Dataset extract START

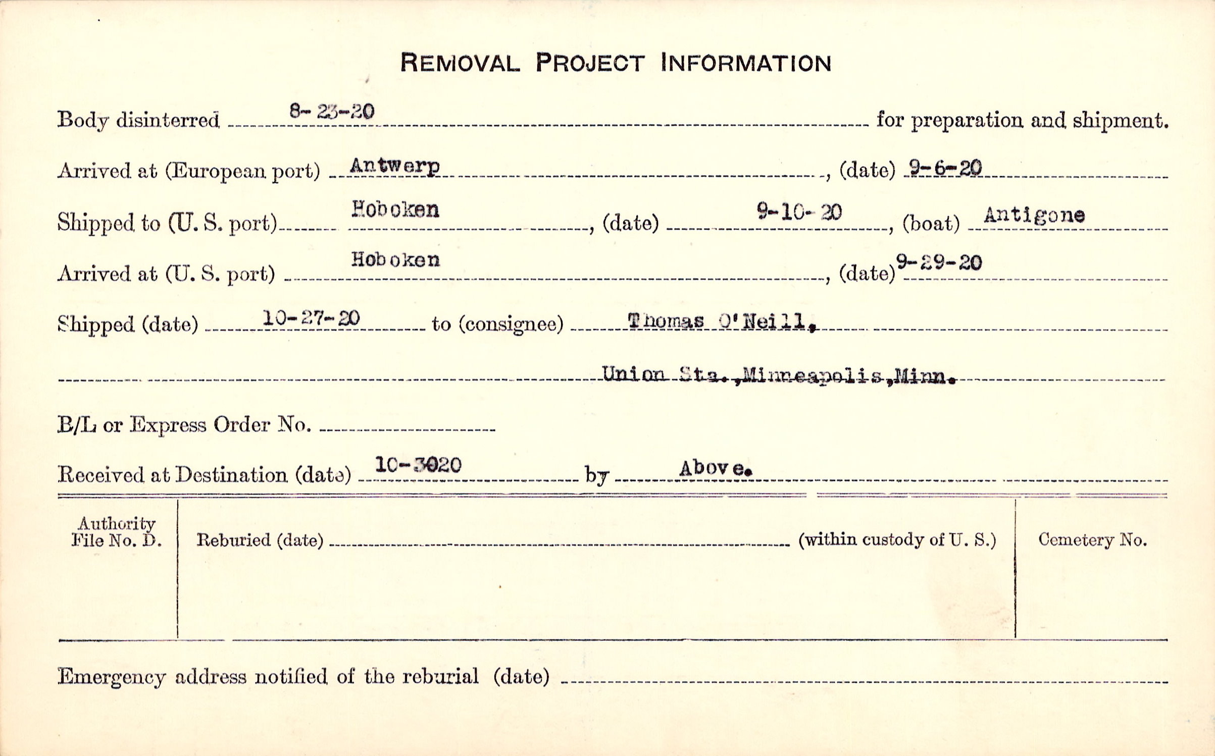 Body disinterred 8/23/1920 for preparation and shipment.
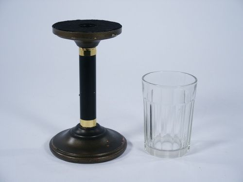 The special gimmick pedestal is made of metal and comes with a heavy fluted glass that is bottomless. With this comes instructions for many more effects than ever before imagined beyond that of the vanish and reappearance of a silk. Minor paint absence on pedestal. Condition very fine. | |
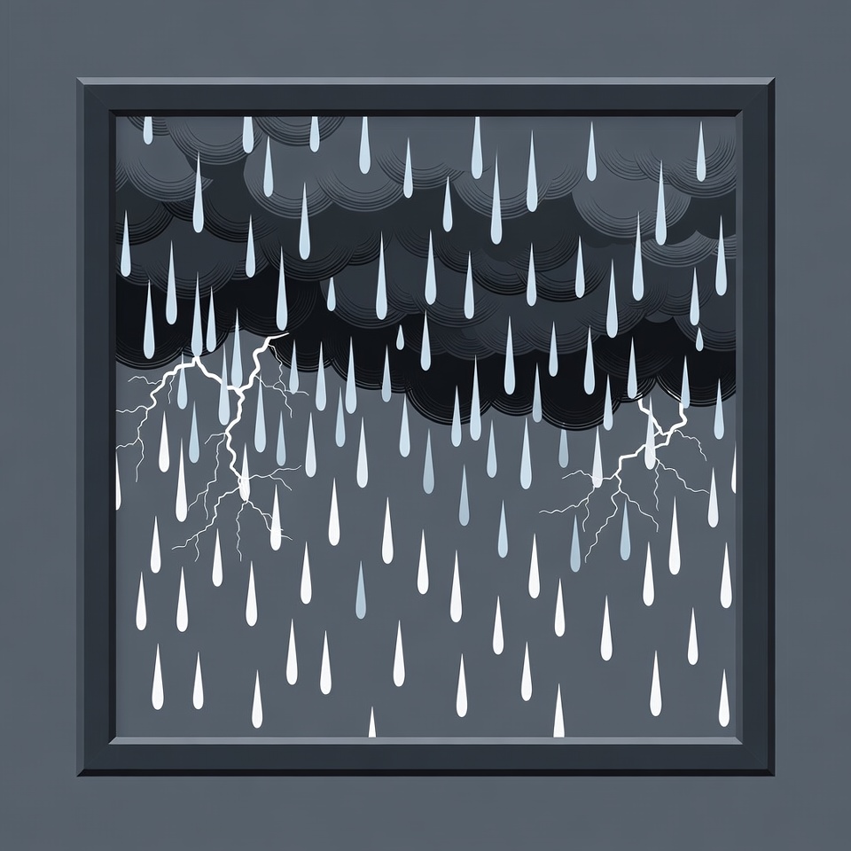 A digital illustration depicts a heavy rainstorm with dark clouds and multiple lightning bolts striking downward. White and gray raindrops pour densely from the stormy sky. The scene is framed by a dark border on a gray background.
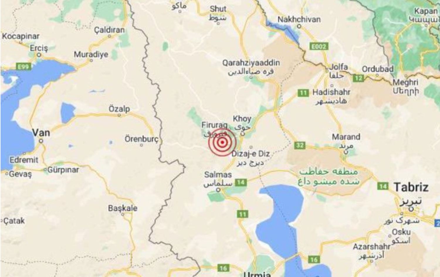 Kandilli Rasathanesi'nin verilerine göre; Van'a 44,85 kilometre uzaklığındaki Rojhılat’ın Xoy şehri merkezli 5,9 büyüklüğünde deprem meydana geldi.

Dataset extract END

- **Exercise description**: Please copy exactly the lines from the one that contains "The special gimmick" through the last line of the listing above, leaving out the pictures.

- **Answer space**:
 The special gimmick pedestal is made of metal and comes with a heavy fluted glass that is bottomless. With this comes instructions for many more effects than ever before imagined beyond that of the vanish and reappearance of a silk. Minor paint absence on pedestal. Condition very fine. | |
 A digital illustration depicts a heavy rainstorm with dark clouds and multiple lightning bolts striking downward. White and gray raindrops pour densely from the stormy sky. The scene is framed by a dark border on a gray background.
 Kandilli Rasathanesi'nin verilerine göre; Van'a 44,85 kilometre uzaklığındaki Rojhılat’ın Xoy şehri merkezli 5,9 büyüklüğünde deprem meydana geldi.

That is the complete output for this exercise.